**EXERCISE BRIEF**
Without the pictures, set down the records below word for word.

**SOURCE DATA**
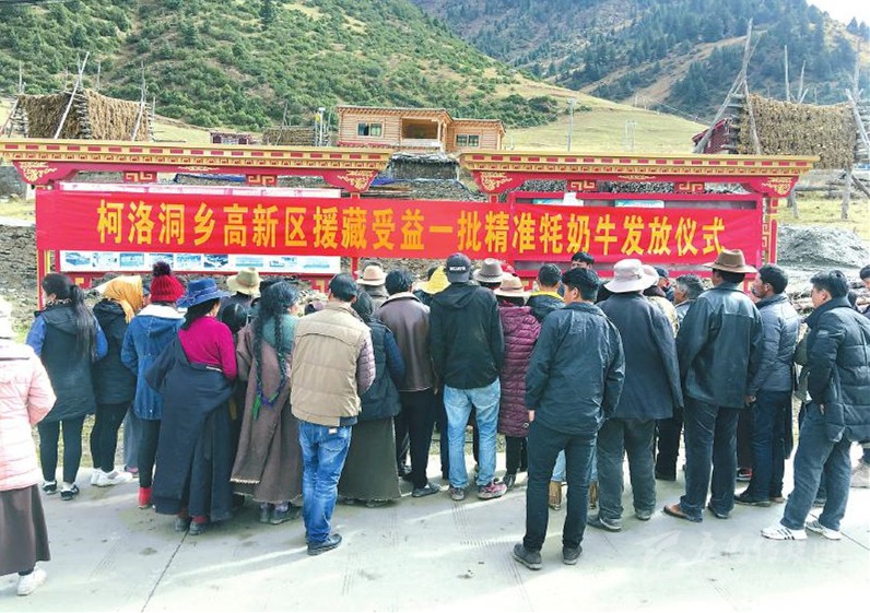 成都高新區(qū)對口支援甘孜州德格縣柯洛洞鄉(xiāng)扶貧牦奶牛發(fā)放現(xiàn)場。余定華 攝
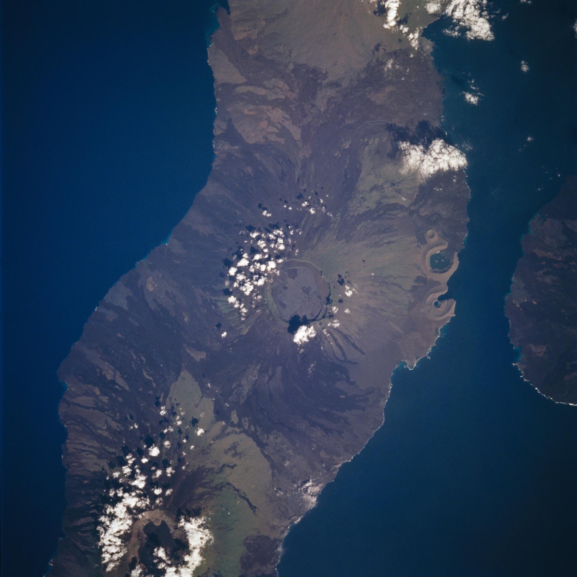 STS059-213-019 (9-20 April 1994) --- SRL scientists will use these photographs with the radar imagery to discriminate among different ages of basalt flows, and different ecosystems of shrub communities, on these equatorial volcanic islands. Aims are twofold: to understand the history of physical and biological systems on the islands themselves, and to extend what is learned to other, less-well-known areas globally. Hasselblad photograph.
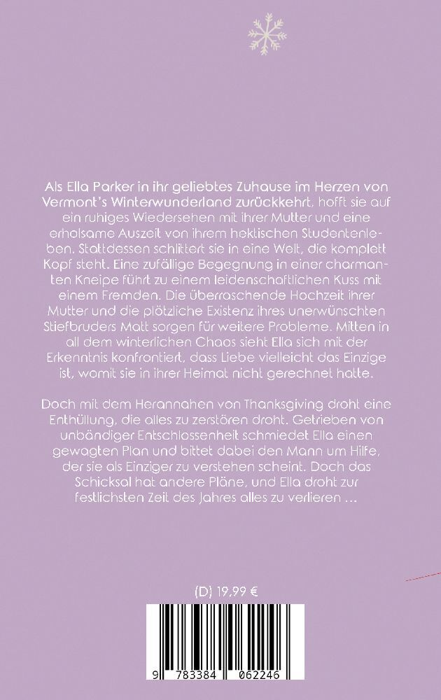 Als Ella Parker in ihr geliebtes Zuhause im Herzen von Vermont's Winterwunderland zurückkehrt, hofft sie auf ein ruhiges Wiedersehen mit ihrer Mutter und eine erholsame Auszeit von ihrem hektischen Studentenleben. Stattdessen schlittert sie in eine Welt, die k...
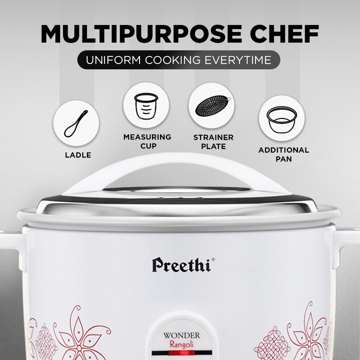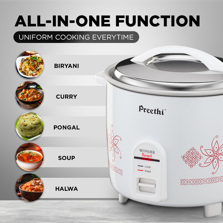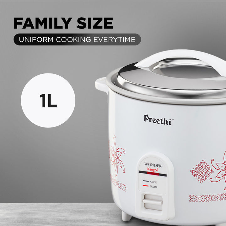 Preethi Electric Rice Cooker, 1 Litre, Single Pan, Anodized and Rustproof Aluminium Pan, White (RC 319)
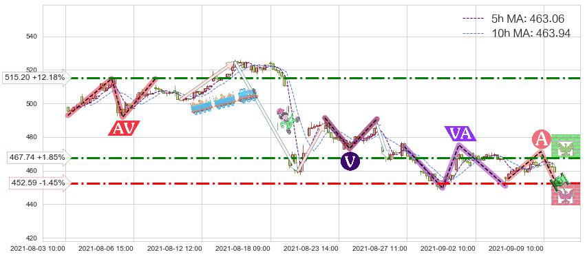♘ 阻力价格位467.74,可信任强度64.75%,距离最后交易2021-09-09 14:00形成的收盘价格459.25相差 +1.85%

**ANSWER AREA**
 成都高新區(qū)對口支援甘孜州德格縣柯洛洞鄉(xiāng)扶貧牦奶牛發(fā)放現(xiàn)場。余定華 攝
 STS059-213-019 (9-20 April 1994) --- SRL scientists will use these photographs with the radar imagery to discriminate among different ages of basalt flows, and different ecosystems of shrub communities, on these equatorial volcanic islands. Aims are twofold: to understand the history of physical and biological systems on the islands themselves, and to extend what is learned to other, less-well-known areas globally. Hasselblad photograph.
 Als Ella Parker in ihr geliebtes Zuhause im Herzen von Vermont's Winterwunderland zurückkehrt, hofft sie auf ein ruhiges Wiedersehen mit ihrer Mutter und eine erholsame Auszeit von ihrem hektischen Studentenleben. Stattdessen schlittert sie in eine Welt, die k...
 Preethi Electric Rice Cooker, 1 Litre, Single Pan, Anodized and Rustproof Aluminium Pan, White (RC 319)
♘ 阻力价格位467.74,可信任强度64.75%,距离最后交易2021-09-09 14:00形成的收盘价格459.25相差 +1.85%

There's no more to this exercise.